許鏡微微歎口氣,坐到床邊,瞧著給她留個後腦勺的小姑娘,又覺得有些好笑。
“知道你冇睡著,真就不理我?”
屋裡格外安靜,隻有蠟燭劈啪燃燒的細微聲響。
這事兒怎麼說,的確有些鬨得太過了,許鏡深刻反省了下自己。
“阿漁,你理理我,好不好?我保準下次不會再做出那般冒犯的事情,實在你出不了這口惡氣,揍我一頓?我絕不還手。”
還有,她打算明兒去縣城一趟,買副頭麵給小姑娘賠罪,小姑娘應該最是喜歡精美漂亮的首飾一類。
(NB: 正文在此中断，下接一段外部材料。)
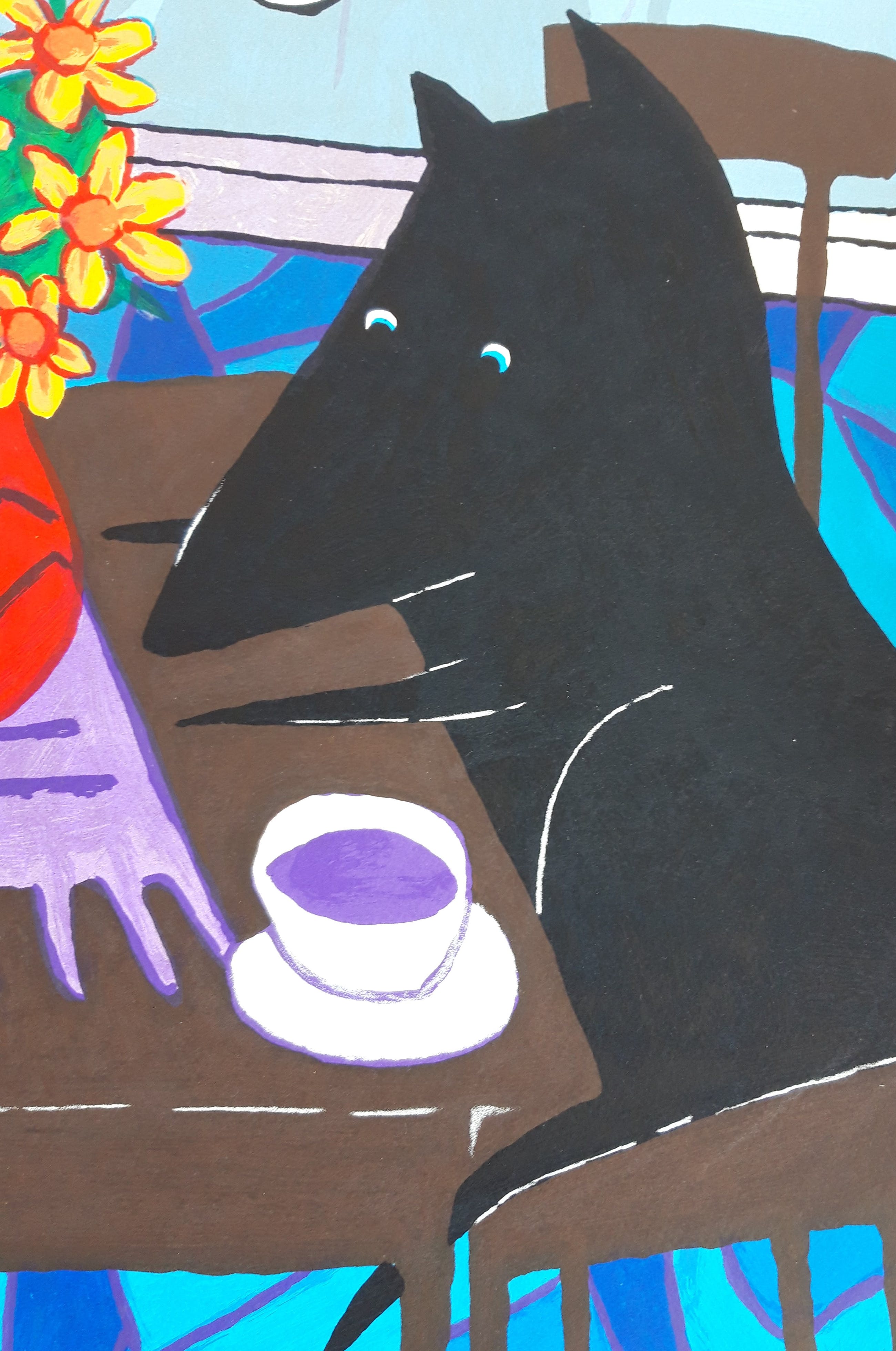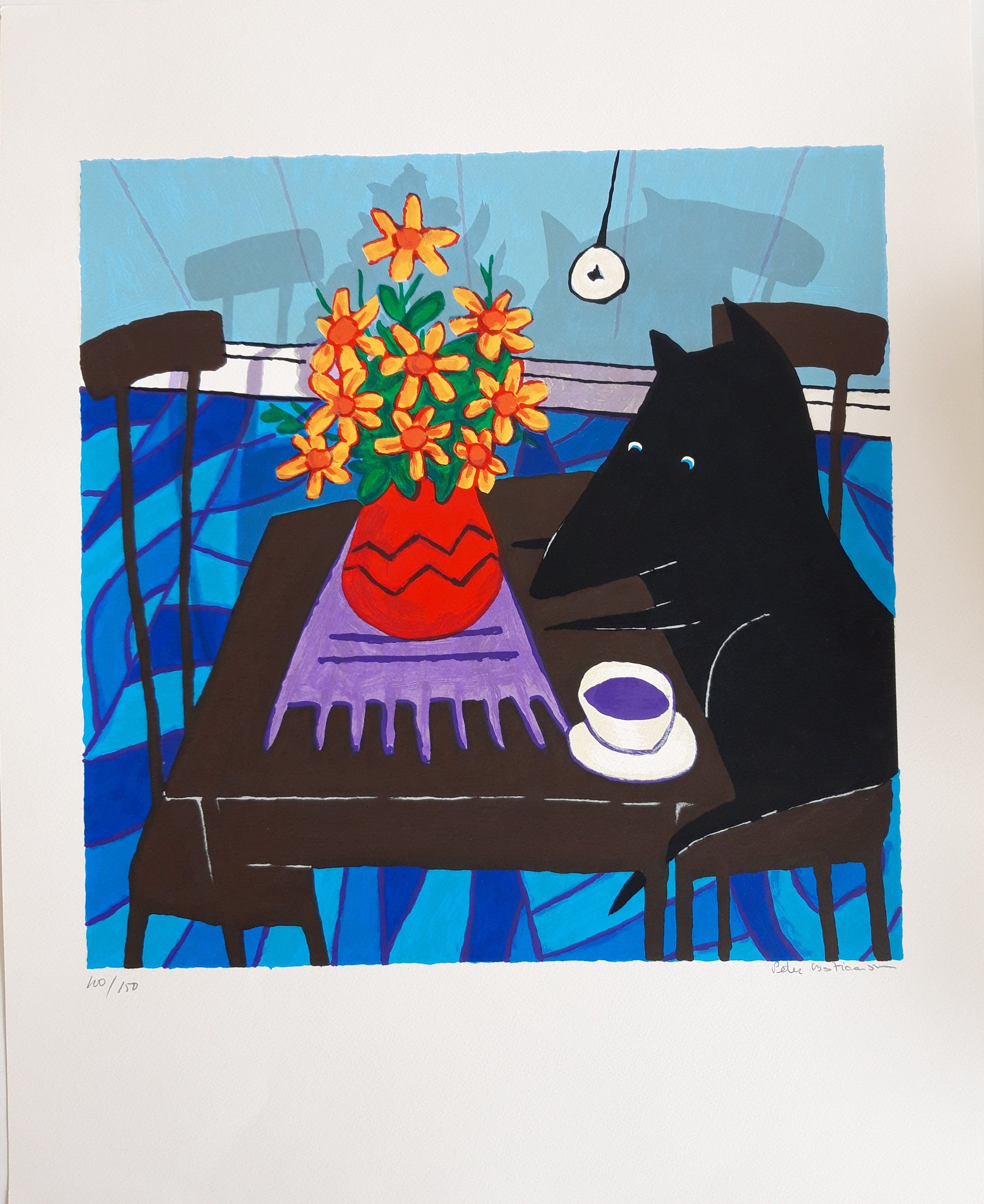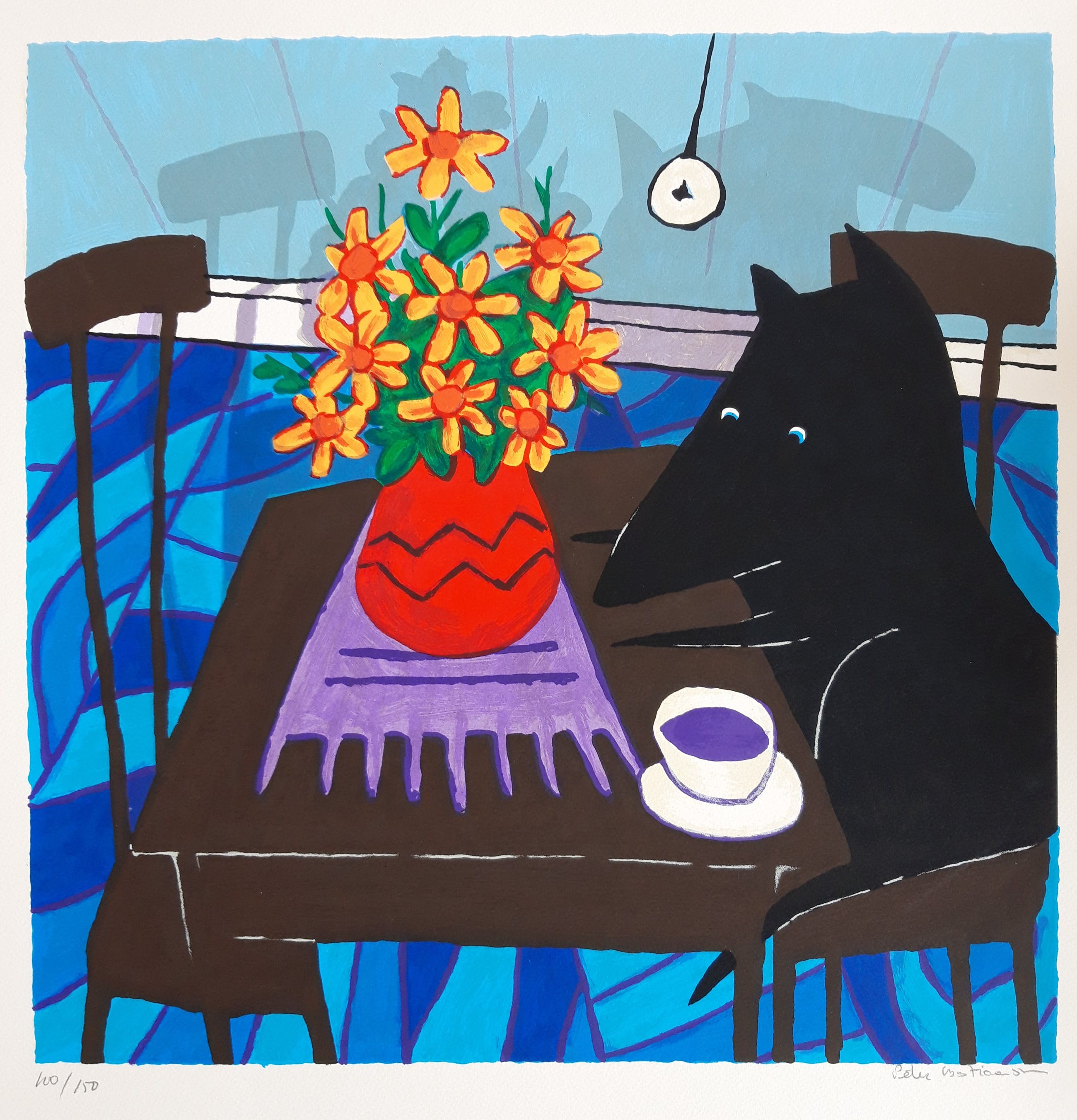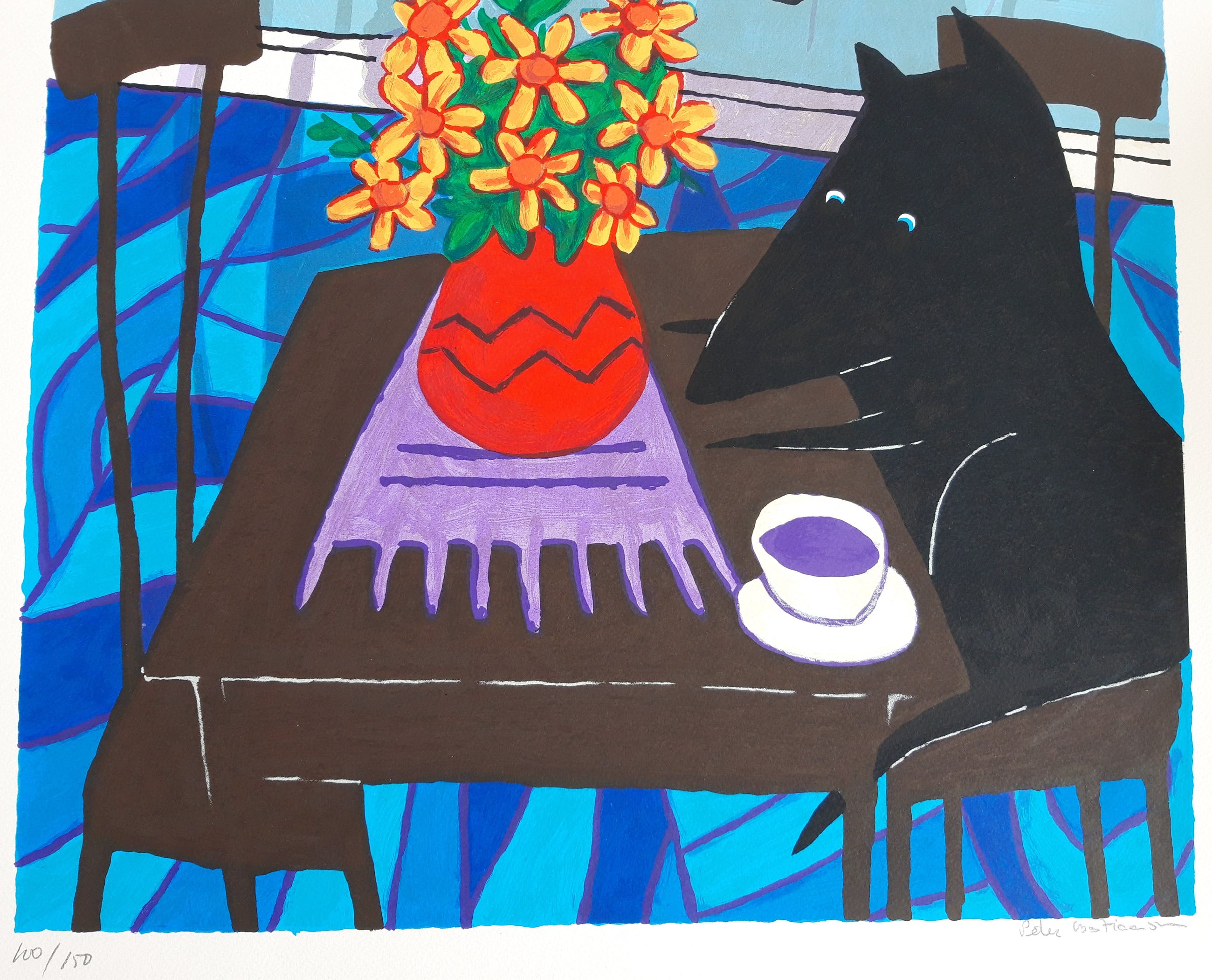 Kenmerkend voor de werken van Peter Bastiaanssen zijn de vrolijke kleuren en de aanwezigheid van de hond met kraaloogjes. Bastiaanssen zet een vraagteken bij kunst waar je eindeloos over moet nadenken zonder dat er beeldende kwaliteit valt te ontdekken. In zijn kleurige schilderijen figureren decoratieve wandversieringen, een kleed, een vaas bloemen, een vis in een kom, een of meerdere kopjes koffie en de zwarte hond. Een van zijn projecten is ‘Art is a dog’. De zwarte hond verschijnt in zijn schilderijen, houten beelden en zeefdrukken, vaak in een kleurrijke omgeving.

被窩裡宋漁閉著眼睛,睫毛顫了顫,聽著她的話,輕輕吸了吸鼻子,又熨帖又酸澀,她是真的在乎自己,一直哄著自己,認真道歉,卻又什麼都不知道,不知曉自己的心思。
“真不理我?阿漁?”
見人還是冇動靜,許鏡探手過去,指尖輕輕戳了戳她的被子。
耳力靈敏的她,聽見小姑娘呼吸加重了些,唇角忍不住翹了翹。
不過她還是裝作什麼都不知道,用失望又難過的語氣道:“好吧,看來是我惹人厭了。”
宋漁聽到她這話,心裡暗自啐了口,就是,忒討厭了,討厭什麼都不知曉,討厭那般隻是什麼演練。
她又聽她歎口氣。
宋漁閉著眼睛,抿了抿唇,她這般作態,也就是阿鏡願意縱著她的小性子,她還是太著急了些,明天吧,明天她就收拾好心情了……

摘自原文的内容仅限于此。